The Trust is looking to recruit a  1.0 WTE research nurse.

The aim of this post is to allow opportunity for a high calibre nurse to develop their skills both clinically and in the field of research. We aim to equip the individual with the skills and qualifications to become a strong autonomous research practitioner within their specialist clinical field.

The post holder will be responsible for assisting the Trust with its commitment to a sustained and dramatic increase in recruitment of patients into research studies.  For this role the post holder will specifically be concerned with recruitment to the gynaecology research studies. The individual will also be responsible for assisting the Research & Development office with feasibility and set up of new research.

The Trust has a diverse and growing portfolio of research its research practitioners are recruiting to, some of which overlap with other speciality areas.

Internal secondments may be considered but applicants MUST SEEK APPROVAL from their substantive clinical line manager FIRST.

Although the role is advertised at a Band 6,  we would also welcome applications from individuals who do not fully meet the research experience criteria.  Such an individual would have the opportunity to be employed in a Band 5 position, to allow for the appropriate training to take place in order to meet the role competencies.

To support the operational management of gynaecology research studies.
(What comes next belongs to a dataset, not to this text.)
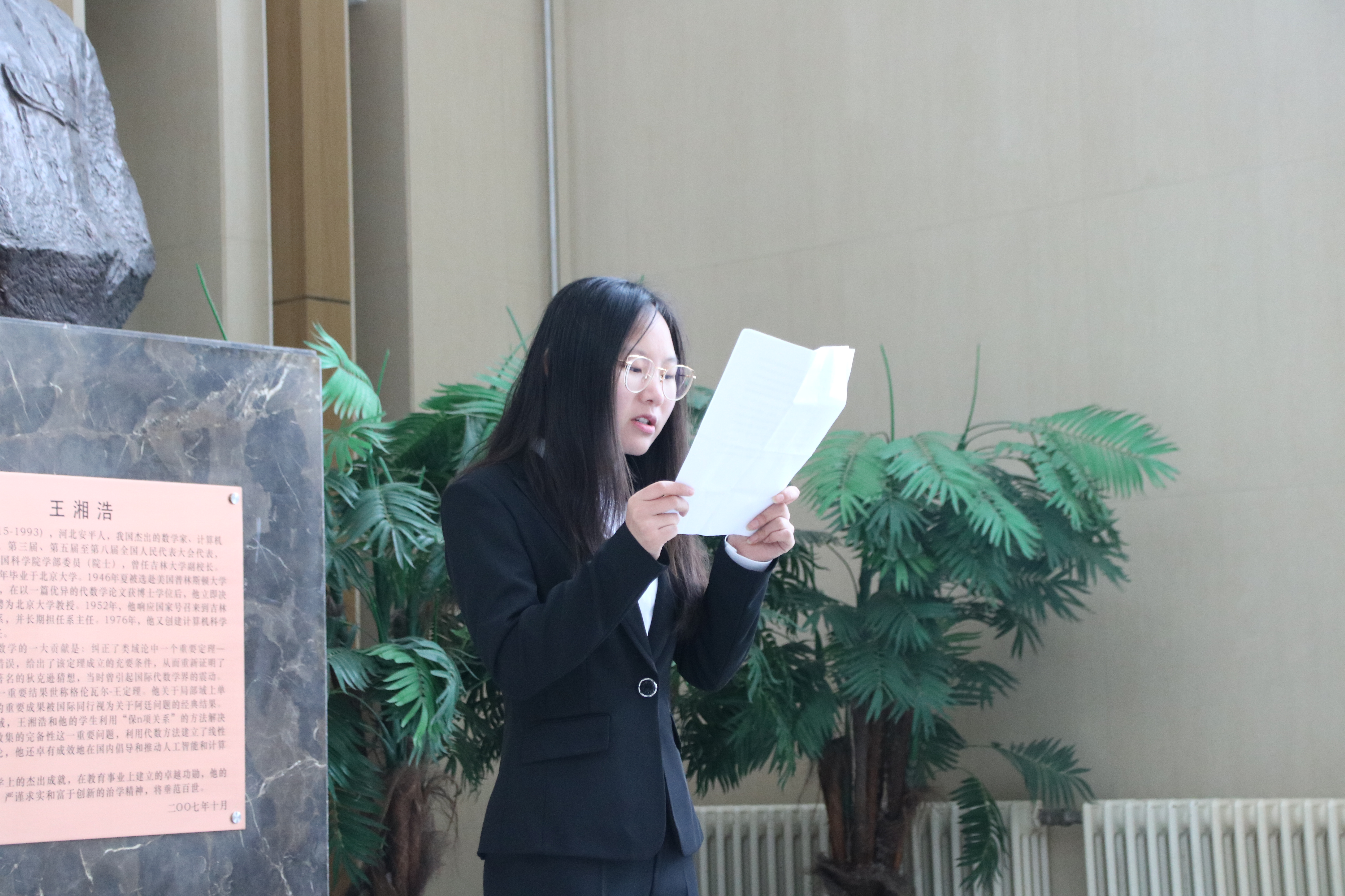 上午九时许,全体人员怀着庄严而肃穆的心情来到王湘浩院士塑像处列队。上午十时,活动正式开始。首先,bb贝博艾弗森官方网站孙宇新作为学生代表介绍了王湘浩院士的生平及其为我国数学学科发展和数学教育方面做出的卓越贡献。在1952年响应国家号召来到东北人民大学(bb贝博艾弗森官方网站前身)先后建立了数学系和计算机系,为bb贝博艾弗森官方网站数学、计算机学科的建设与发展做出了不可磨灭的贡献。之后bb贝博艾弗森官方网站刘东旭作为学生代表擦拭塑像及底座上的浮尘。王湘浩院士塑像目光炯炯,仿佛看到了未来bb贝博艾弗森官方网站灿烂美好的明天。最后学生代表依次向塑像敬献鲜花并全体默哀表达对先驱的追思。

To contribute to all aspects of the planning, conduct and reporting of the portfolio clinical research trials and studies.

To be responsible for the day-to-day management of, and patient recruitment to designated research studies.

To work on a daily basis with minimum supervision as part of the research team.

To ensure that all clinical research activity is ICH GCP compliant and conducted in accordance with the agreed protocols.

To maintain a high standard of patient care in line with Trust and R&D procedures and protocols and in accordance with the UK Policy Framework for Health and Social Care Research.

To prioritise research activity as necessary thus ensuring recruitment targets are met.

To ensure that all data is collected and managed effectively and accurately.

Act as a focus for research communication within the Trust and with external partners including the Clinical Research Network.

To disseminate information to colleagues in respect of the research studies taking place within the clinical areas.

Liaison with research sponsors and multi-disciplinary research teams.

To give advice on the organisation and management of the research in progress.

To identify and screen eligible patients for participation in the research studies.

To facilitate the informed consent and recruitment of research participants.

To work with staff to develop strategies to overcome barriers to recruitment.

To be aware of ethical considerations of research and act as the patient’s advocate at all times.

To be fully conversant with the requirements of the clinical trial protocol in relation to patient management, data collection and safety reporting.

To carry out the collection, processing and shipping of biological specimens according to protocol requirements and follow-up appropriately.

Maintain accurate records and undertake the Data management including the use of data software packages.

Dissemination and publication of research findings.

Actively contribute to activities, events and training within the research teams.

To contribute to evidence based practice at a clinical level and maintain overall standard of care for patients at all times.